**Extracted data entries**
============

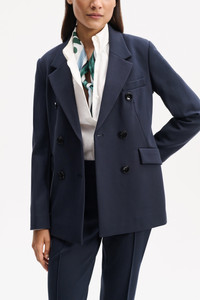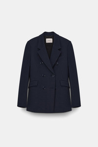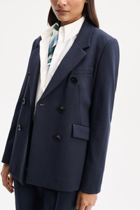 Perhaps the most comfortable blazer (ever), the double-breasted style is made from our favorite Punto Milano. Pair with matching pants for a suit that takes you anywhere! Material & Care - 67 % Viscose, 28 % Polyamide, 5 % Elastane - Double-breasted blazer in Punto Milano - Dropped lapel - Diagonal darts at the bust - Chest pocket - Button closures - Side flap pockets - Dry cleaning only - No optical brighteners Size & Fit - Our model is 181cm tall and wears a size S - Fitted - Falls to the hip
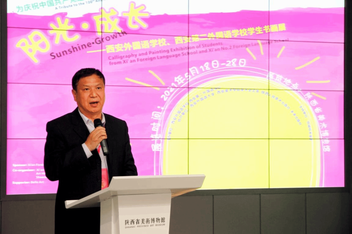 白黎在致辞中指出,今年是中国共产党100周年华诞,本次书画展以“阳光·成长”为主题,以书言志,以画寄情,饱含着师生们心系祖国、关心社会的爱国情怀,充分表达了师生们对党的深情厚意,对祖国的无限热爱,对生活的热情赞美和对未来的无限希望,是西安外国语学校和西安第二外国语学校新时代美育工作的生动展示,是对中国共产党百年华诞的一次献礼。他指出,美育是情操和心灵的教育,不仅能够提升人的审美素养,还能够潜移默化地影响人的情感、趣味、气质、胸襟,激励人的精神,温润人的心灵,对于立德树人具有独特而重要的作用。希望通过此次书画展搭建起学校和社会多方合力的美育交流展示平台,希望在省美术博物馆这座艺术的殿堂里,学生能够拥有感受美、鉴赏美、创造美的心灵,能够更加阳光、健康的成长,成就美好的人生。
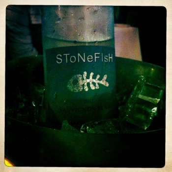 I booked us a table the previous day and lucky I did because Ochre was quite busy for a Tuesday night. I would say about 2/3 full with a large majority of those diners being tourists. (Whoever does the marketing for Ochre is doing an exceptional job particularly in the overseas visitor department). Upon arriving we were shown to our table for two near the window amongst the other diners and the dim lighting where we ordered our drinks. Ignoring the descriptions of wine on the menu I was taken by the name of the wine and asked for a bottle of Stonefish Sauvignon Blanc for the two of us. Note to self: In future, don’t just choose it because you like the name of it. The waiter poured us a glass of water each and fetched out bottle of wine.
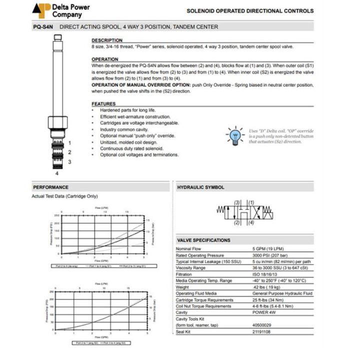 PQ-S4N-00 DELTA POWER, HYDRAULIC VALVE, CARTRIDGE DIRECTION CONTROL FOUR WAY, 3/4"-16 UNF THREAD, POWER SERIES, 4 WAY, THREE POSITION TANDEM CENTER SPOOL VALVE WITH DELTA COIL, UP TO 3.0 GPM, 3000 PSI, BUNA STANDARD PQ-S4N-OO
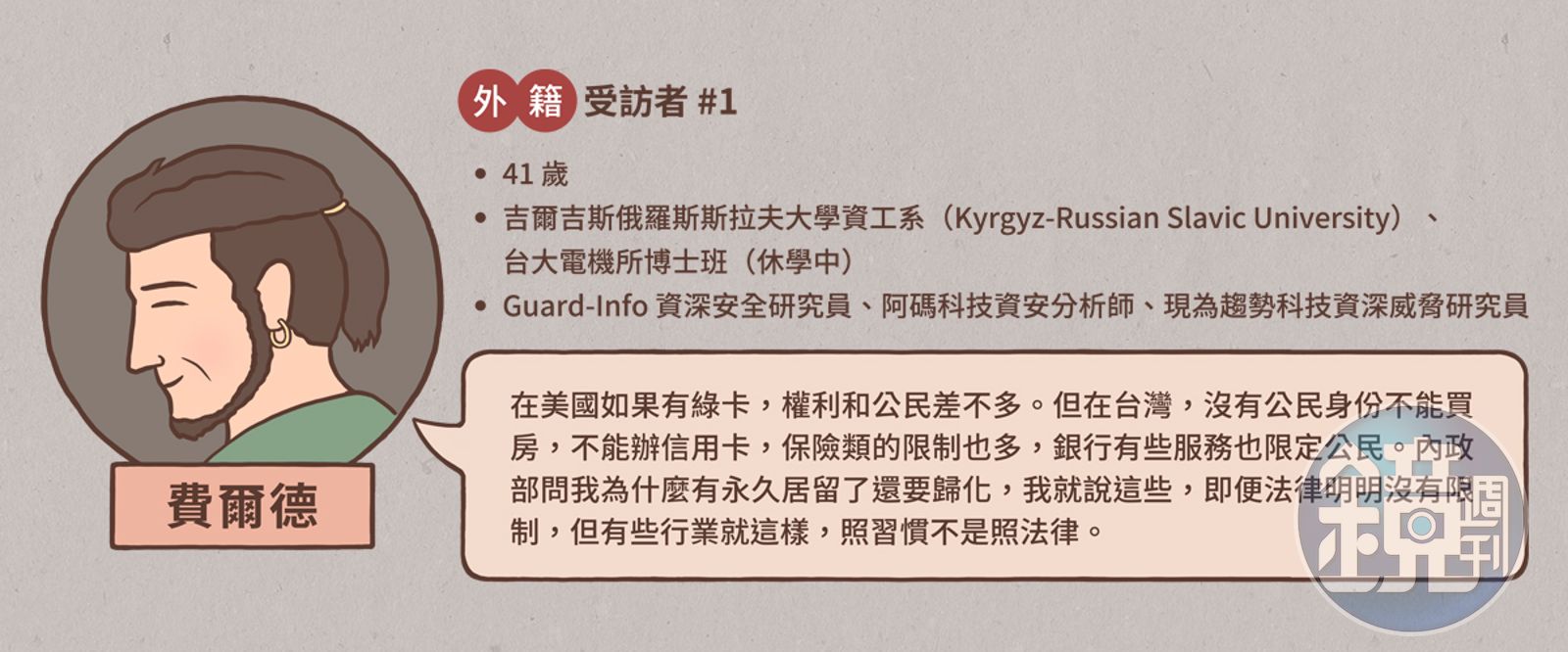「現在新的法律,是我可以先拿到台灣國籍,而且高級人才也不用放棄原國籍就可以歸化,所以我才有辦法拿台灣國籍。可是他們(指政府官員)處理事情都很保守,他們說我通過後,會是第一個案子,很多事情不知道怎麼處理……所以雖然有法律,但他們怕會成為漏洞,所以一開始不許可。後來我還是找了科技部、立委幫忙,才讓事情比較順利。」

============

All of the records above should be returned exactly, though the pictures should not.

 Perhaps the most comfortable blazer (ever), the double-breasted style is made from our favorite Punto Milano. Pair with matching pants for a suit that takes you anywhere! Material & Care - 67 % Viscose, 28 % Polyamide, 5 % Elastane - Double-breasted blazer in Punto Milano - Dropped lapel - Diagonal darts at the bust - Chest pocket - Button closures - Side flap pockets - Dry cleaning only - No optical brighteners Size & Fit - Our model is 181cm tall and wears a size S - Fitted - Falls to the hip
 白黎在致辞中指出,今年是中国共产党100周年华诞,本次书画展以“阳光·成长”为主题,以书言志,以画寄情,饱含着师生们心系祖国、关心社会的爱国情怀,充分表达了师生们对党的深情厚意,对祖国的无限热爱,对生活的热情赞美和对未来的无限希望,是西安外国语学校和西安第二外国语学校新时代美育工作的生动展示,是对中国共产党百年华诞的一次献礼。他指出,美育是情操和心灵的教育,不仅能够提升人的审美素养,还能够潜移默化地影响人的情感、趣味、气质、胸襟,激励人的精神,温润人的心灵,对于立德树人具有独特而重要的作用。希望通过此次书画展搭建起学校和社会多方合力的美育交流展示平台,希望在省美术博物馆这座艺术的殿堂里,学生能够拥有感受美、鉴赏美、创造美的心灵,能够更加阳光、健康的成长,成就美好的人生。
 I booked us a table the previous day and lucky I did because Ochre was quite busy for a Tuesday night. I would say about 2/3 full with a large majority of those diners being tourists. (Whoever does the marketing for Ochre is doing an exceptional job particularly in the overseas visitor department). Upon arriving we were shown to our table for two near the window amongst the other diners and the dim lighting where we ordered our drinks. Ignoring the descriptions of wine on the menu I was taken by the name of the wine and asked for a bottle of Stonefish Sauvignon Blanc for the two of us. Note to self: In future, don’t just choose it because you like the name of it. The waiter poured us a glass of water each and fetched out bottle of wine.
 PQ-S4N-00 DELTA POWER, HYDRAULIC VALVE, CARTRIDGE DIRECTION CONTROL FOUR WAY, 3/4"-16 UNF THREAD, POWER SERIES, 4 WAY, THREE POSITION TANDEM CENTER SPOOL VALVE WITH DELTA COIL, UP TO 3.0 GPM, 3000 PSI, BUNA STANDARD PQ-S4N-OO
「現在新的法律,是我可以先拿到台灣國籍,而且高級人才也不用放棄原國籍就可以歸化,所以我才有辦法拿台灣國籍。可是他們(指政府官員)處理事情都很保守,他們說我通過後,會是第一個案子,很多事情不知道怎麼處理……所以雖然有法律,但他們怕會成為漏洞,所以一開始不許可。後來我還是找了科技部、立委幫忙,才讓事情比較順利。」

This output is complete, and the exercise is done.